▶ _Problem to work on_
Using the data that follows, output only the lines from the line with "Christina Dior" up to and including the line with "ただ、ナビとスマートフォンの", exactly, leaving pictures aside.

▶ _Entries supplied_

********************

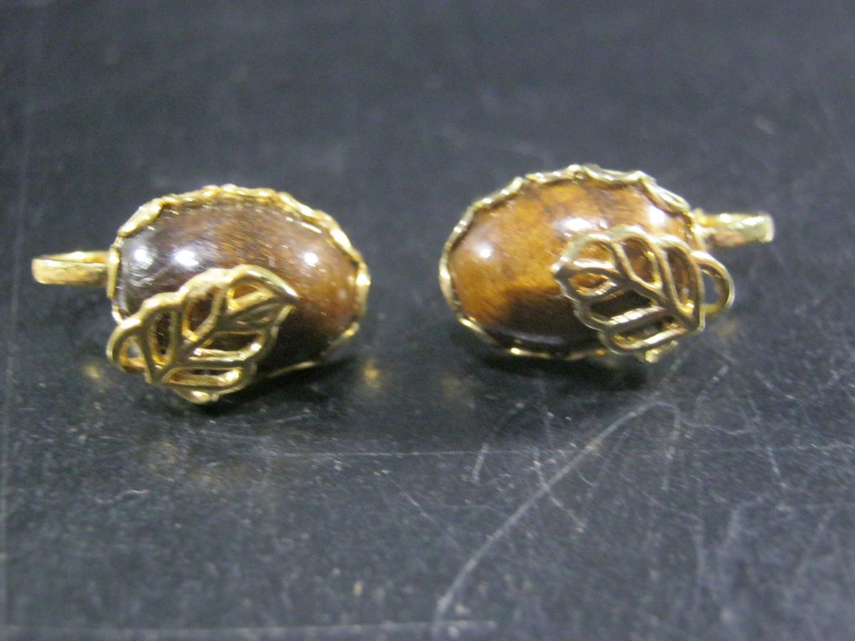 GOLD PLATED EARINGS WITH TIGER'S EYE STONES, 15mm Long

********************

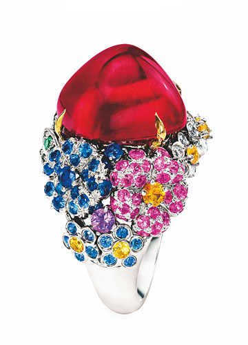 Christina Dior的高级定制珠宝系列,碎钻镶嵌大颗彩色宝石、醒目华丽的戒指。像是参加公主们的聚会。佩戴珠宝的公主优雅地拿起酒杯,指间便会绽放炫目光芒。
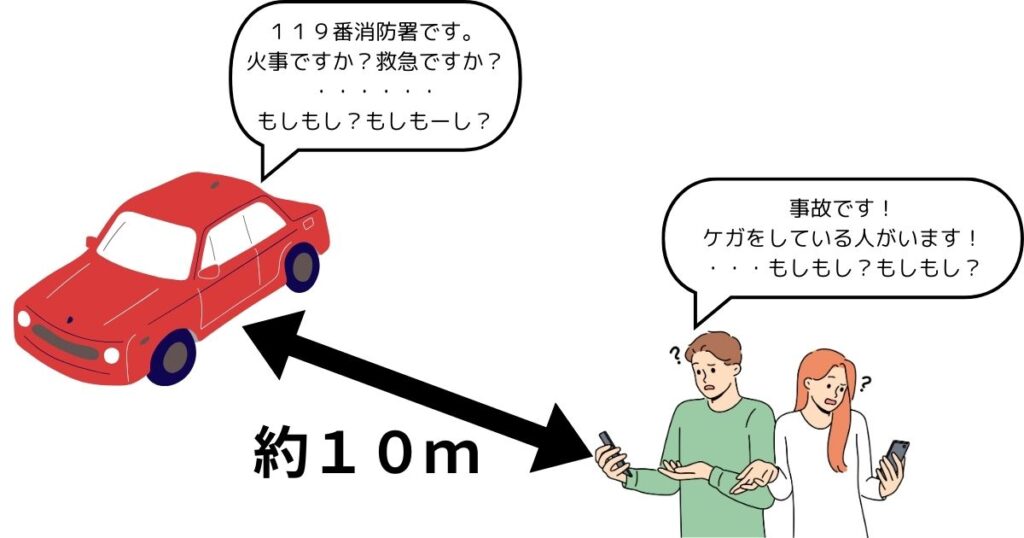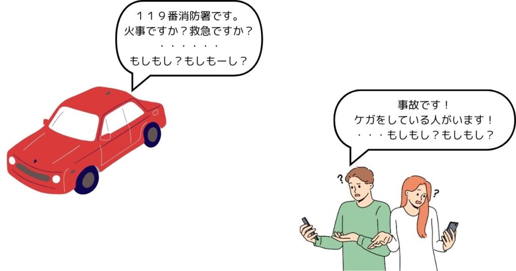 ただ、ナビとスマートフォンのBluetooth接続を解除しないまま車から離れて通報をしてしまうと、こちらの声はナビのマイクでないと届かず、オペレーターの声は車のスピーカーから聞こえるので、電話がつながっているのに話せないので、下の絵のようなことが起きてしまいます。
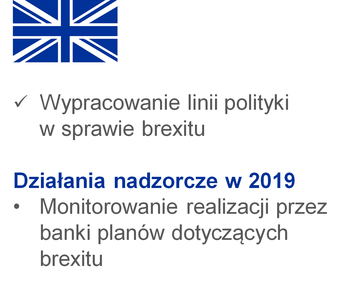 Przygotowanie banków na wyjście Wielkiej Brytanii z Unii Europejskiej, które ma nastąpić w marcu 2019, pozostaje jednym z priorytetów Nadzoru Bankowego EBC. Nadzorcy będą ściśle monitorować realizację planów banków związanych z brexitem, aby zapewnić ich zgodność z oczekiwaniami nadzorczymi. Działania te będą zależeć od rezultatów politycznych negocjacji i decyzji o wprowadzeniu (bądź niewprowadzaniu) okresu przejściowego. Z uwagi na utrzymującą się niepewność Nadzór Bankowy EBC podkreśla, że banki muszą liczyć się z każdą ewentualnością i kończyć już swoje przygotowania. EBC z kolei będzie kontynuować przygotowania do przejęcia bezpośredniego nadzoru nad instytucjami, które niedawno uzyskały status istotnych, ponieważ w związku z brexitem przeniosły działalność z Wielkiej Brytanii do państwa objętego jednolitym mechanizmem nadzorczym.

********************

▶ _Reply to the exercise_
 Christina Dior的高级定制珠宝系列,碎钻镶嵌大颗彩色宝石、醒目华丽的戒指。像是参加公主们的聚会。佩戴珠宝的公主优雅地拿起酒杯,指间便会绽放炫目光芒。
 ただ、ナビとスマートフォンのBluetooth接続を解除しないまま車から離れて通報をしてしまうと、こちらの声はナビのマイクでないと届かず、オペレーターの声は車のスピーカーから聞こえるので、電話がつながっているのに話せないので、下の絵のようなことが起きてしまいます。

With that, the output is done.